■ Material shown ■
[Start of section]

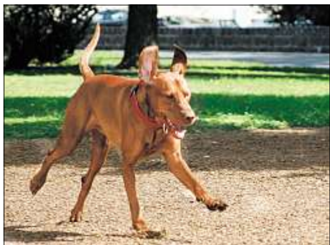
Talán most elsimulnak az ellentétek kutyasétáltatók és parkhasználók között
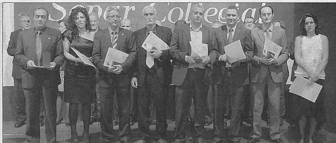
En la categoría de bronce de la Medalla al Mèrit Professional se reconoció a ocho colegiados. La razón de este galardón es la permanencia ininterrumpida de los premiados en el Col·legi durante 15 años.
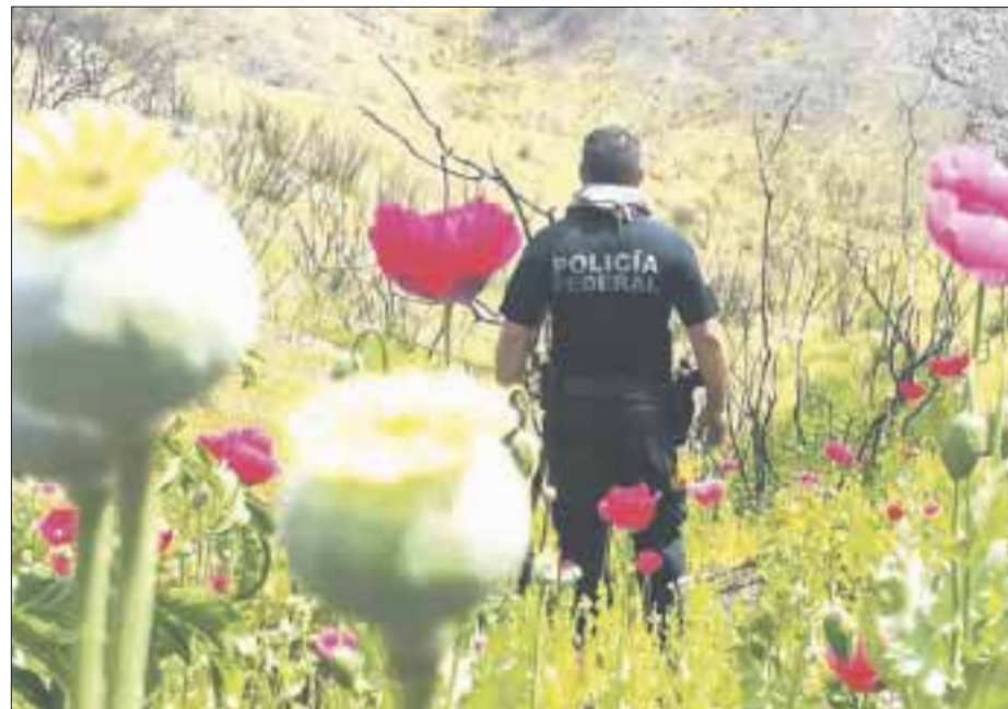
México es el primer productor de amapola en América, y el tercero en el mundo, afirma la Conadic.

La batalla está ganada, ahora vamos a reglamentar y a normar en la Secretaría de Salud la manera en cómo se siembra y se obtiene la planta, desde el punto de vista curativo, dijo el funcionario
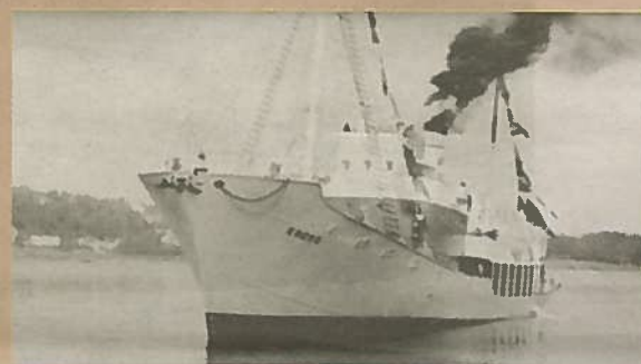
TEKST: RAGNAR IVERSEN (WWW.LARDEX.NET)

Hvalbåten ENERN var den andre med dette navnet, bygget ved A/S Framnæs mek. Værkstéd i 1951 som bygg nr. 148, fikk kun beholde navnet i ett år. Året etter fikk rederiet en ny stor dieseldreven hvalbåt fra Moss Værft som fikk navnet ENERN, og ENERN ble omdøpt TOERN. ENERN ble levert fra verkstedet til A/S Odd (A/S Thor Dahl), Sandefjord i september og gikk til Isen som en del av THORSHAVET-ekspedisjonen sesongen 1951/52. Navnet ENERN stammer fra A/S Atlas (Chr. Nielsen, Larvik), som ble innkjøpt fra Larvik i 1930 og kom under A/S Thor Dahls disposisjon. Alle hvalbåtene til Flk SOLGLIMT hadde tallnavn. Fanget sin siste sesong i 1961/62 for Fl/k THORSHØVDI. Lagt i opplag i Sandefjord fra sommeren 1962. Solgt til Norsk Skipsoppbygning i Grimstad for hugging 28/12-1963.
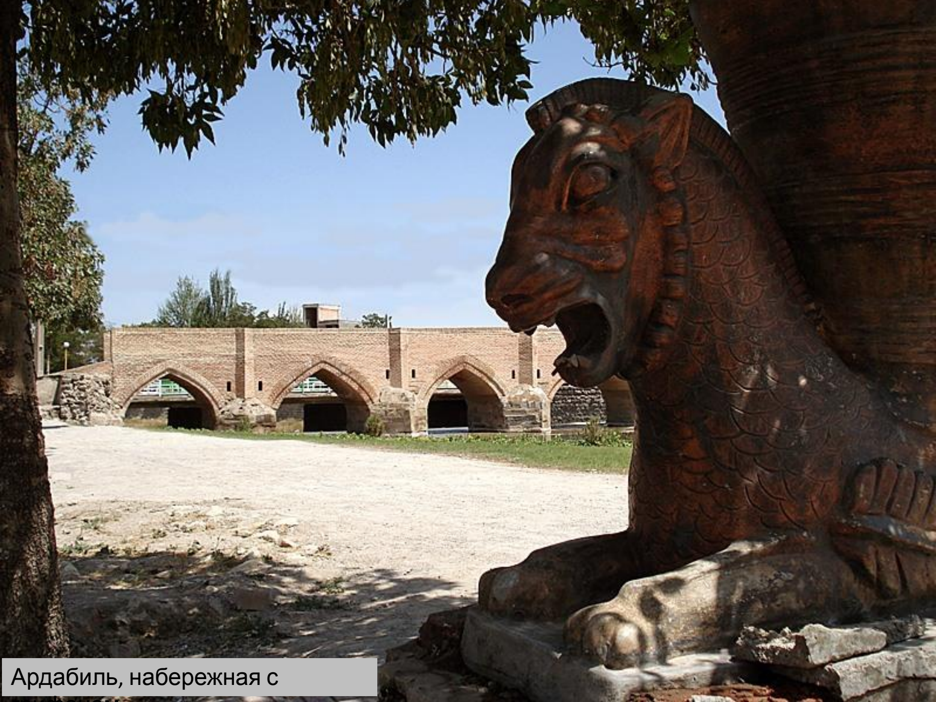
Ардабиль, набережная с

[End of section]

■ Aim of the exercise ■
Leaving out every picture, copy exactly the lines from the one that contains "Hvalbåten ENERN var" through the end of the entries above.

■ Result below ■
Hvalbåten ENERN var den andre med dette navnet, bygget ved A/S Framnæs mek. Værkstéd i 1951 som bygg nr. 148, fikk kun beholde navnet i ett år. Året etter fikk rederiet en ny stor dieseldreven hvalbåt fra Moss Værft som fikk navnet ENERN, og ENERN ble omdøpt TOERN. ENERN ble levert fra verkstedet til A/S Odd (A/S Thor Dahl), Sandefjord i september og gikk til Isen som en del av THORSHAVET-ekspedisjonen sesongen 1951/52. Navnet ENERN stammer fra A/S Atlas (Chr. Nielsen, Larvik), som ble innkjøpt fra Larvik i 1930 og kom under A/S Thor Dahls disposisjon. Alle hvalbåtene til Flk SOLGLIMT hadde tallnavn. Fanget sin siste sesong i 1961/62 for Fl/k THORSHØVDI. Lagt i opplag i Sandefjord fra sommeren 1962. Solgt til Norsk Skipsoppbygning i Grimstad for hugging 28/12-1963.
Ардабиль, набережная с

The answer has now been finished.